The Shift From “What Is This?” to “Why This?”

Early on, novelty does a lot of work.

It answers the question: What is this?

But novelty fades quickly.

Once it does, the question changes:

Why should I keep choosing this?

That’s where many brands get exposed.

If the answer isn’t clear—whether it’s better utility, stronger identity, or stickier habit—growth slows.

How to Read What’s Actually Happening

If you’re seeing strong early traction, the most important question is whether it’s durable.

A few ways to assess that:

1. Look at Retention, Not Just Acquisition

  • Are users or customers coming back after the first interaction?

  • What percentage returns after 30, 60, 90 days?

If retention is weak, growth will eventually stall.

2. Separate Channel-Driven Growth From Product Pull

  • What happens when you reduce paid spend or promotion?

  • Does demand hold due to things like loyalty or word of mouth, or does it drop immediately?

This tells you whether the product is being pulled or pushed.

3. Listen to How Customers Describe You

  • Can they clearly explain what you do and why it matters?

  • Do they describe you the same way you describe yourself?

If not, your positioning may not be sticking.

4. Track Repeat Behavior

  • Are customers forming a habit or just trying the product once?

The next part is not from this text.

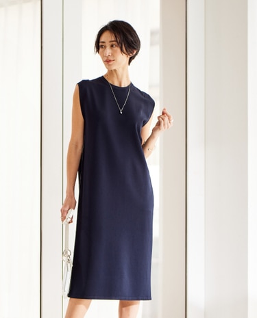 サイドが配色ステッチのクルーネックワンピース。
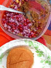 The 'cake' was nothing but layers of everything that goes in between the paav. You can find the elaborate recipe here. I mashed potatoes with ready-made dabeli masala, and mixed in green and tamarind chutnies with the potatoes. This was the bottom layer. On top went a layer of spice-roasted peanuts, pomegranate seeds, and finely chopped onion. Chopped cilantro would've been perfect, but I had run out of it. When we were ready to eat, I dug a big scoop of this filling, taking some from each layer, and smeared it on paav, then topped it off with crunchy sev. The idea and the outcome was loved by everyone.

  • In consumer products, what does your repeat purchase rate look like?

Habit is what sustains growth.

Retention graphs like this are invaluable towards giving digital brands an early look into whether their offerings truly have staying power.

Final Thought

Early traction is a signal.

It tells you something is working.

But it doesn’t tell you what will last.

The brands that sustain growth are the ones that convert that early attention into something more durable:

Repeat behavior.
Clear differentiation.
Ongoing relevance.

Because growth doesn’t come from the initial spike.

It comes from what holds afterwards.